WHAT THIS TASK INVOLVES: Return each line of the data below exactly, omitting any pictures.
#### DATA SECTION
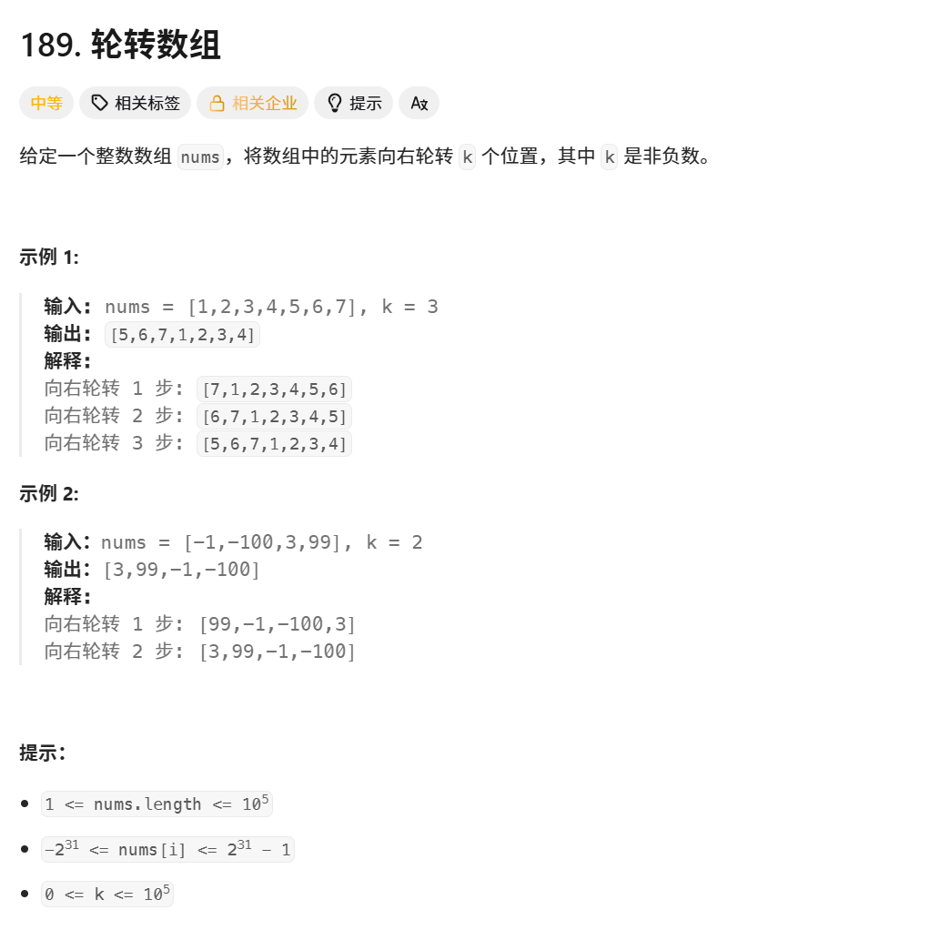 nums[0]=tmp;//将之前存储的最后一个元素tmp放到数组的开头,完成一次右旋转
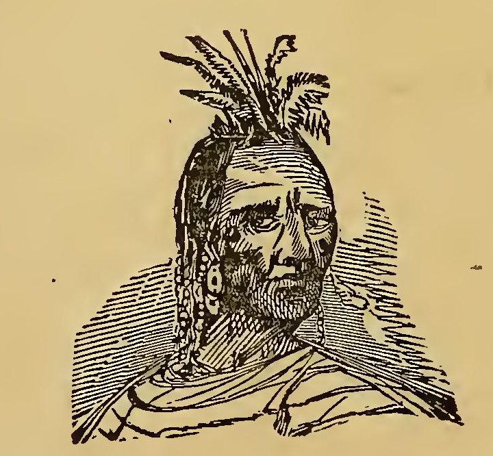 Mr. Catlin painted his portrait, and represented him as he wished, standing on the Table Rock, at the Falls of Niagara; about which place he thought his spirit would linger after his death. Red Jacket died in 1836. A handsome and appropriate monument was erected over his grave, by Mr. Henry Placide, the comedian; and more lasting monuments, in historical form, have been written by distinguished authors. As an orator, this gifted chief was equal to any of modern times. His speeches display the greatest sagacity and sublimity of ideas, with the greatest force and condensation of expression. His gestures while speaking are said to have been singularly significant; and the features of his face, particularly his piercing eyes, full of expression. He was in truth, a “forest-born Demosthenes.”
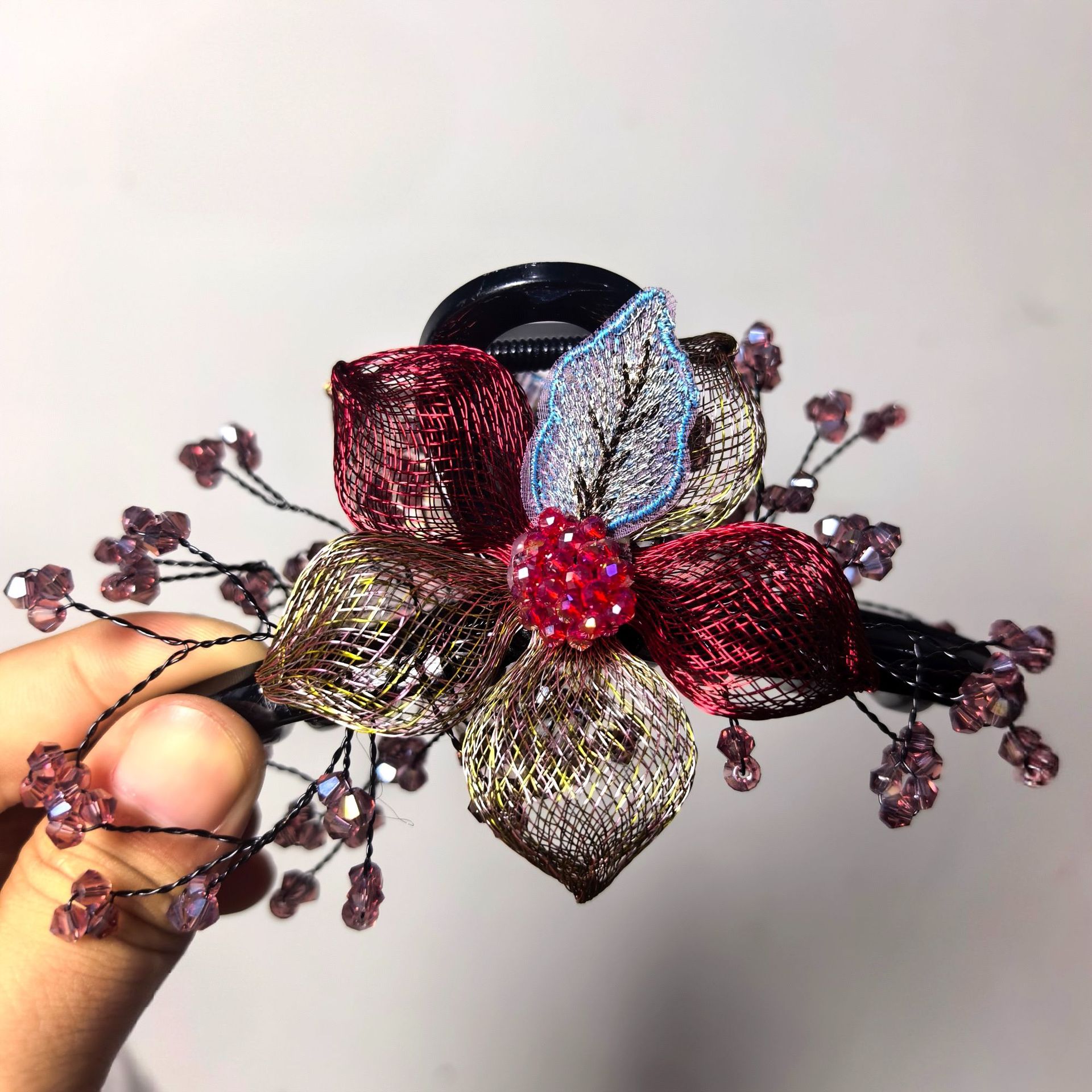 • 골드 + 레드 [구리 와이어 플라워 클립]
########
PROBLEM SOLUTION:
 nums[0]=tmp;//将之前存储的最后一个元素tmp放到数组的开头,完成一次右旋转
 Mr. Catlin painted his portrait, and represented him as he wished, standing on the Table Rock, at the Falls of Niagara; about which place he thought his spirit would linger after his death. Red Jacket died in 1836. A handsome and appropriate monument was erected over his grave, by Mr. Henry Placide, the comedian; and more lasting monuments, in historical form, have been written by distinguished authors. As an orator, this gifted chief was equal to any of modern times. His speeches display the greatest sagacity and sublimity of ideas, with the greatest force and condensation of expression. His gestures while speaking are said to have been singularly significant; and the features of his face, particularly his piercing eyes, full of expression. He was in truth, a “forest-born Demosthenes.”
 • 골드 + 레드 [구리 와이어 플라워 클립]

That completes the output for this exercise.